PROBLEM TO SOLVE
Make an exact transcript of the lines in the data below, starting with the one containing "Θήκη τηλεφώνου δερμάτινη" and going on through the one containing "引き出し4杯◆古い重ねガラス戸棚 YZ1953", with both included and the pictures left out.

SOURCE MATERIAL
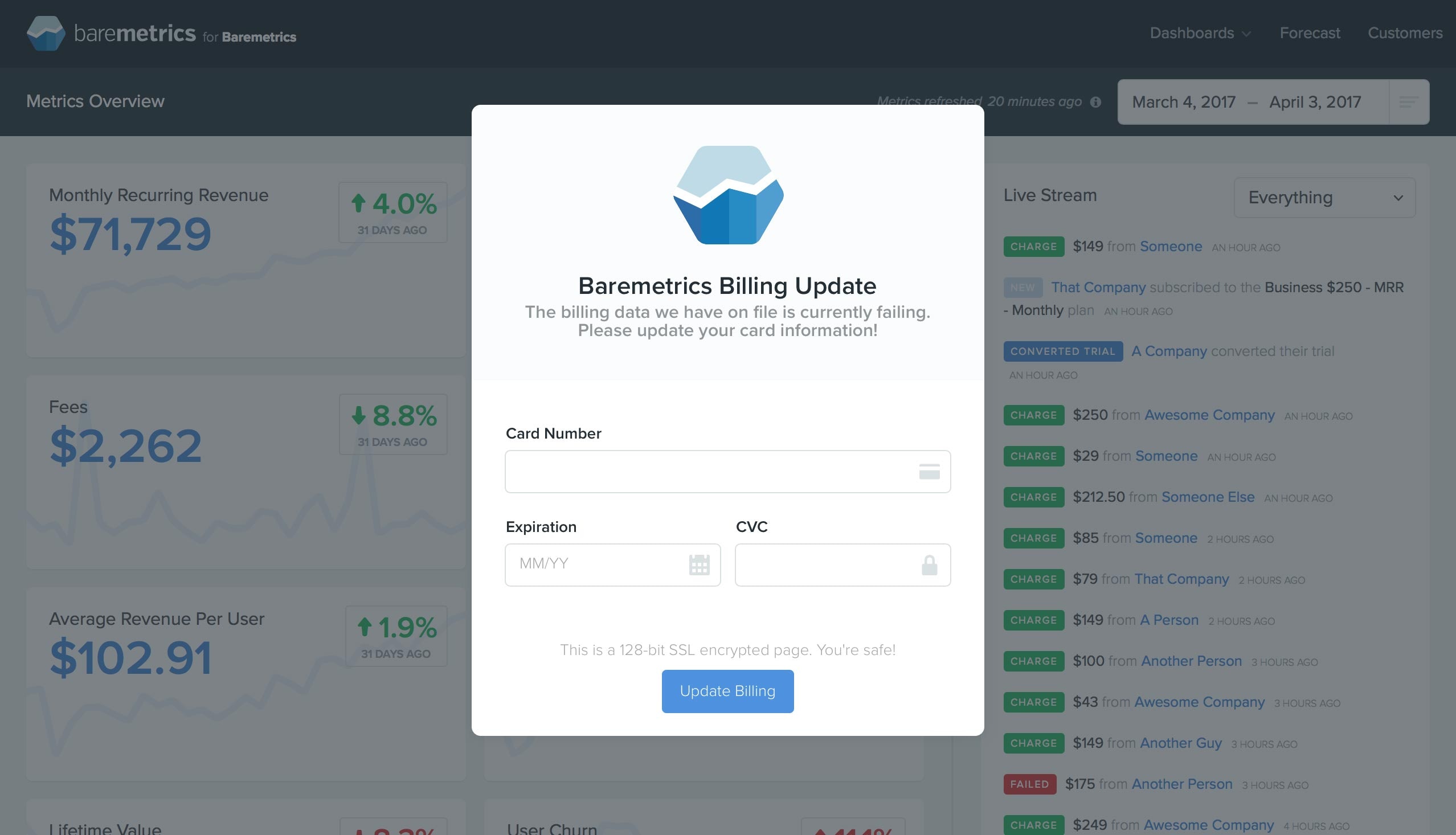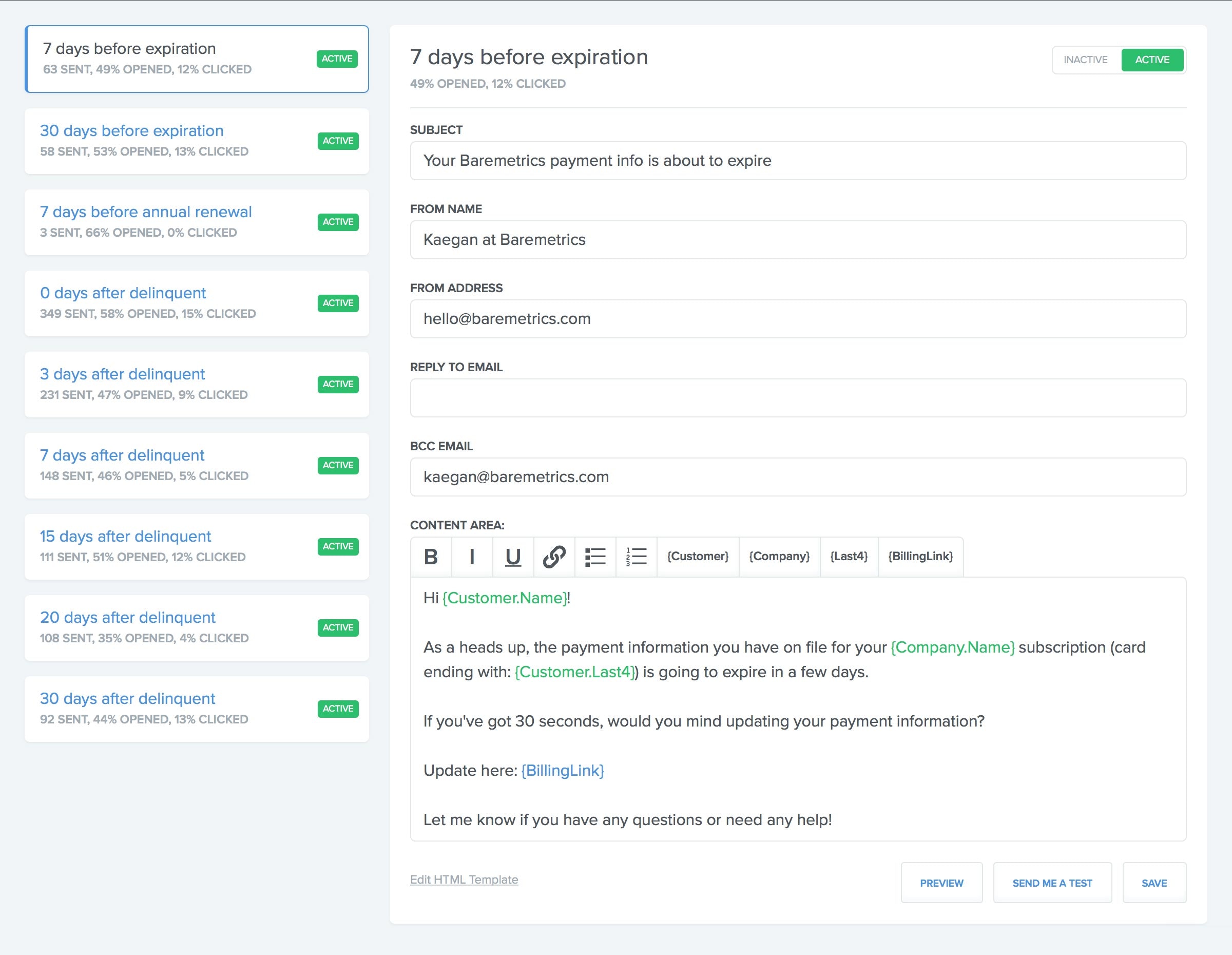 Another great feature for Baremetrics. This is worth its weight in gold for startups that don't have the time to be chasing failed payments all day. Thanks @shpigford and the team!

--

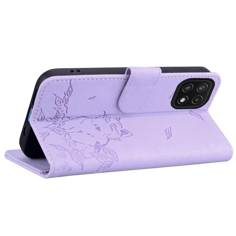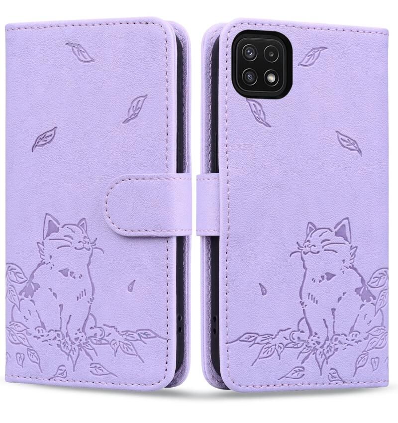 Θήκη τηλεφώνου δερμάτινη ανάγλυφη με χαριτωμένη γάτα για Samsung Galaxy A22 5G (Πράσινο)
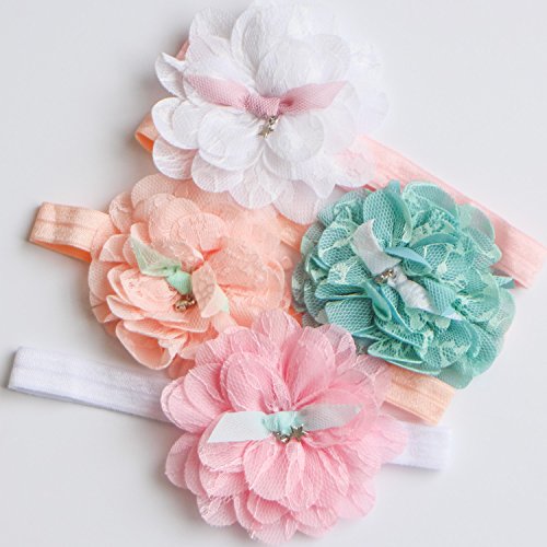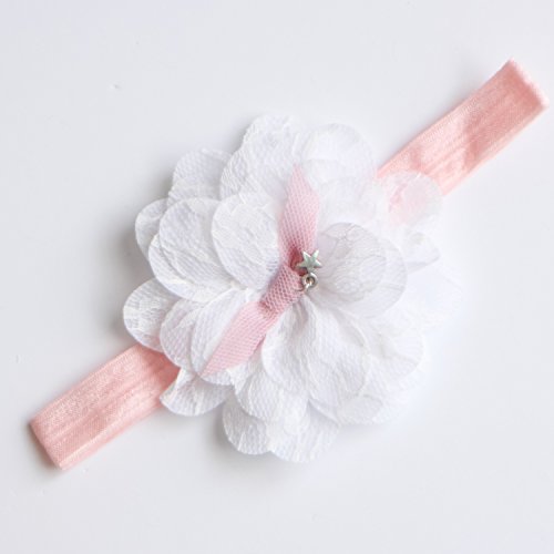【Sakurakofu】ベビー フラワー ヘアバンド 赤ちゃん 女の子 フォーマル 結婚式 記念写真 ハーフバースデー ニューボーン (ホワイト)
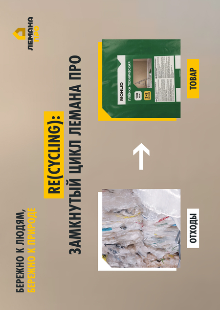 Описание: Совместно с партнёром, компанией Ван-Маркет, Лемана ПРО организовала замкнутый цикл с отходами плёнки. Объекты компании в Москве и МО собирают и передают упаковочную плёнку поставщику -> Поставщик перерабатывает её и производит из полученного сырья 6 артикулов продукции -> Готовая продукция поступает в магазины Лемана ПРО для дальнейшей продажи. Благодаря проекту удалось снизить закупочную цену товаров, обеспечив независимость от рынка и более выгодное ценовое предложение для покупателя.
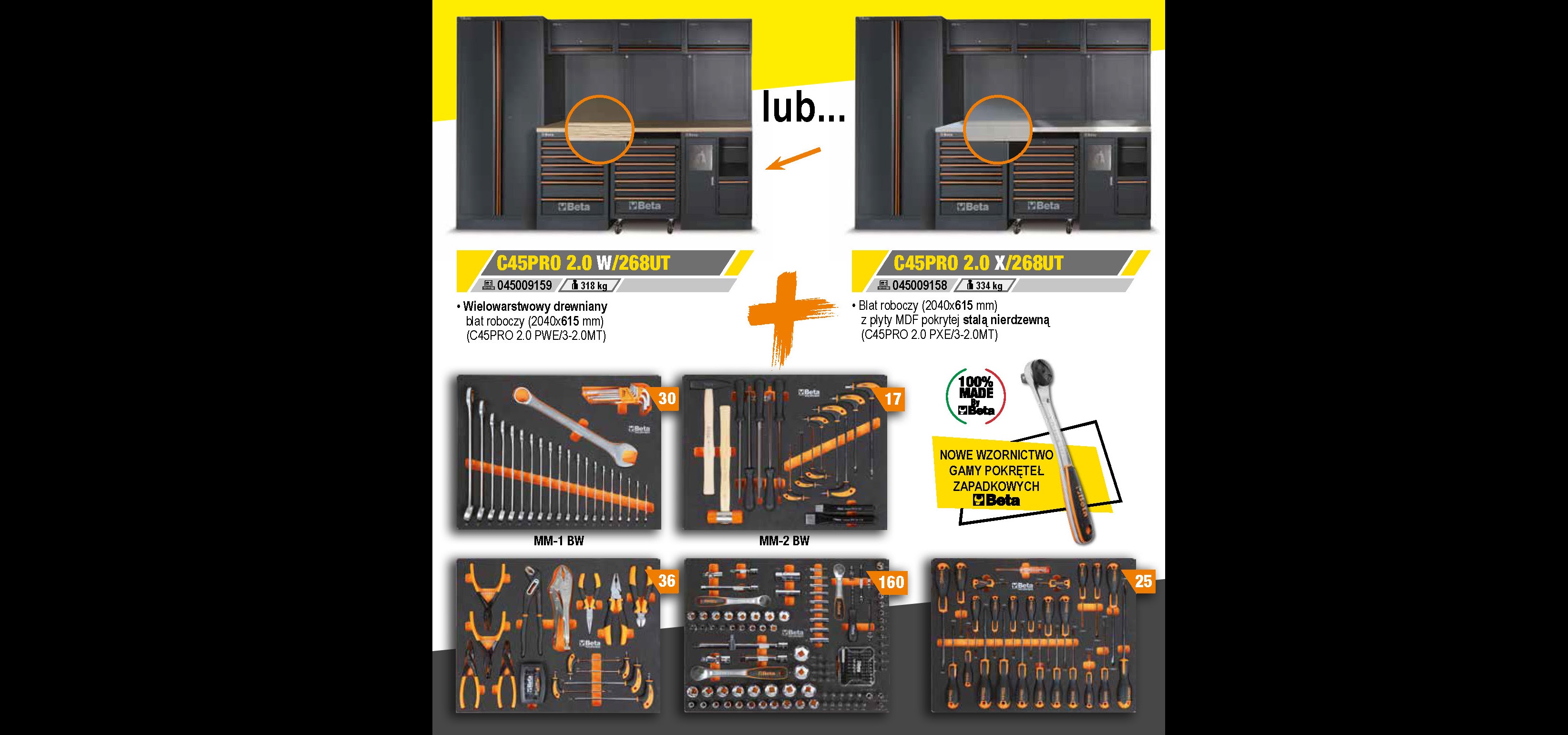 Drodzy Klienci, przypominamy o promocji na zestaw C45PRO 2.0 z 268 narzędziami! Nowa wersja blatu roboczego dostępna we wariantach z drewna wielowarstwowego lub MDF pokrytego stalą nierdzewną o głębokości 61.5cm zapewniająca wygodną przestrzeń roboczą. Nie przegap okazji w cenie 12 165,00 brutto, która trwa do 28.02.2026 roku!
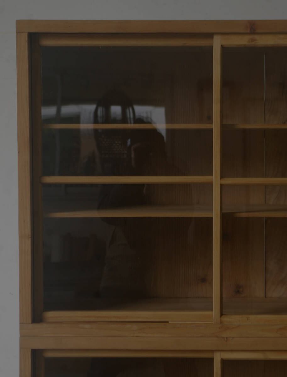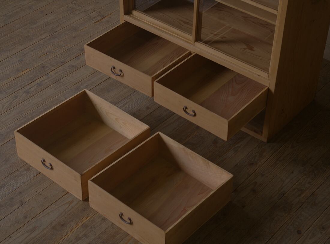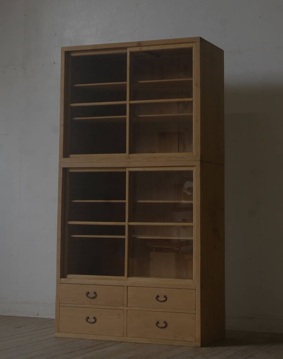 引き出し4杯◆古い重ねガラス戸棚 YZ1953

SOLUTION FOR THIS PROBLEM
 Θήκη τηλεφώνου δερμάτινη ανάγλυφη με χαριτωμένη γάτα για Samsung Galaxy A22 5G (Πράσινο)
【Sakurakofu】ベビー フラワー ヘアバンド 赤ちゃん 女の子 フォーマル 結婚式 記念写真 ハーフバースデー ニューボーン (ホワイト)
 Описание: Совместно с партнёром, компанией Ван-Маркет, Лемана ПРО организовала замкнутый цикл с отходами плёнки. Объекты компании в Москве и МО собирают и передают упаковочную плёнку поставщику -> Поставщик перерабатывает её и производит из полученного сырья 6 артикулов продукции -> Готовая продукция поступает в магазины Лемана ПРО для дальнейшей продажи. Благодаря проекту удалось снизить закупочную цену товаров, обеспечив независимость от рынка и более выгодное ценовое предложение для покупателя.
 Drodzy Klienci, przypominamy o promocji na zestaw C45PRO 2.0 z 268 narzędziami! Nowa wersja blatu roboczego dostępna we wariantach z drewna wielowarstwowego lub MDF pokrytego stalą nierdzewną o głębokości 61.5cm zapewniająca wygodną przestrzeń roboczą. Nie przegap okazji w cenie 12 165,00 brutto, która trwa do 28.02.2026 roku!
 引き出し4杯◆古い重ねガラス戸棚 YZ1953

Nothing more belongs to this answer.